[Dataset entries — start]
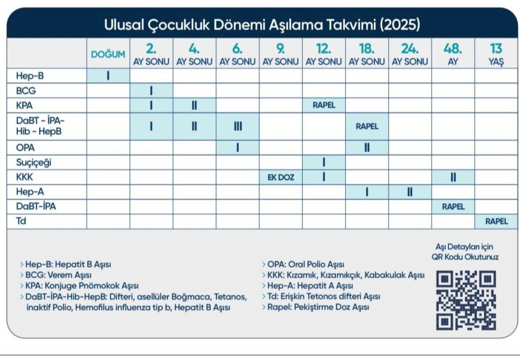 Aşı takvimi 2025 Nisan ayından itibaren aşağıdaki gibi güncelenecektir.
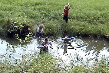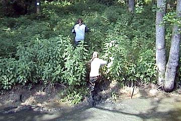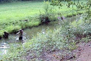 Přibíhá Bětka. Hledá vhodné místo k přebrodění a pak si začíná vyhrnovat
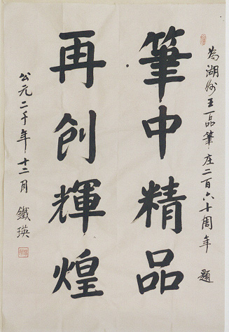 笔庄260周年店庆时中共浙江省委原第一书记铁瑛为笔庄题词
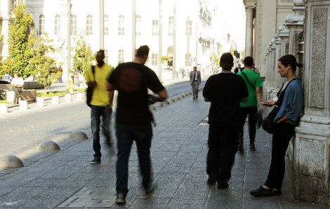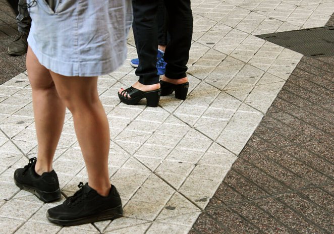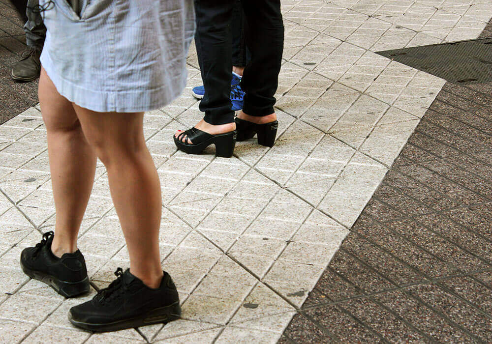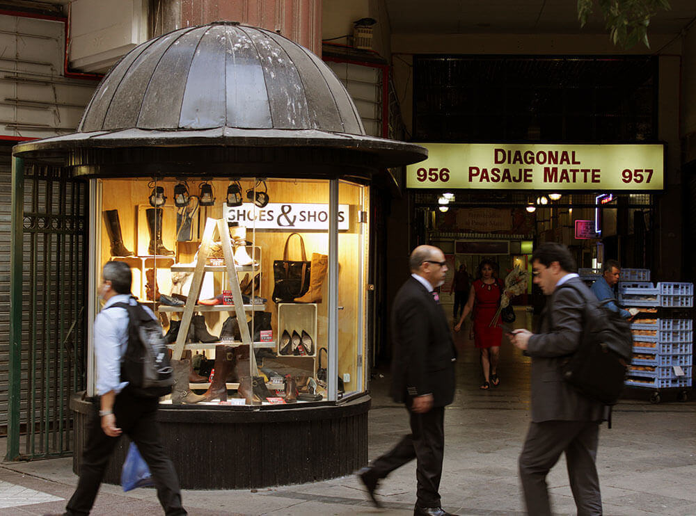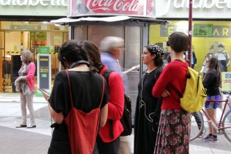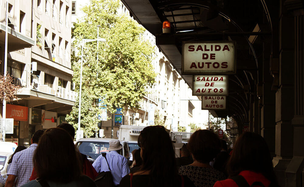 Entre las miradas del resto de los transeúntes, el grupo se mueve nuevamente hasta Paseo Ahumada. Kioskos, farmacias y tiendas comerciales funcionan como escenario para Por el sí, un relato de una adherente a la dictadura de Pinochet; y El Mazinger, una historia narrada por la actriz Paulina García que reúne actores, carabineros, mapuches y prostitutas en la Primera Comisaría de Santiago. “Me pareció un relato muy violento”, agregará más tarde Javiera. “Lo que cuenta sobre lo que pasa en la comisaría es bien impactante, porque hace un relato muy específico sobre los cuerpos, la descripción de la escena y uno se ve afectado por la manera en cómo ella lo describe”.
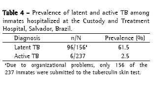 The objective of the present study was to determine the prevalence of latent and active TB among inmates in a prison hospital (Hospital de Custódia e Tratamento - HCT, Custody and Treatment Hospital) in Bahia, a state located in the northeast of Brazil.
[Dataset entries — finish]
[Dataset entries — start]
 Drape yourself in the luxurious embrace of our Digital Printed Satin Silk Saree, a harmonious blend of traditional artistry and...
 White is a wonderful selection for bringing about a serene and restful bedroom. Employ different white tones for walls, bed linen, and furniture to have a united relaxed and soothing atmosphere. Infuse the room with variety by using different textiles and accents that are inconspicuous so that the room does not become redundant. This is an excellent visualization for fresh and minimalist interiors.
[Dataset entries — finish]
Nothing outside the stretch above, from the line with "Aşı takvimi 2025" through the line with "笔庄260周年店庆时中共浙江省委原第一书记铁瑛为笔庄题词", is set down. Transcribe that stretch exactly, ends included, but not its pictures.

 Aşı takvimi 2025 Nisan ayından itibaren aşağıdaki gibi güncelenecektir.
 Přibíhá Bětka. Hledá vhodné místo k přebrodění a pak si začíná vyhrnovat
 笔庄260周年店庆时中共浙江省委原第一书记铁瑛为笔庄题词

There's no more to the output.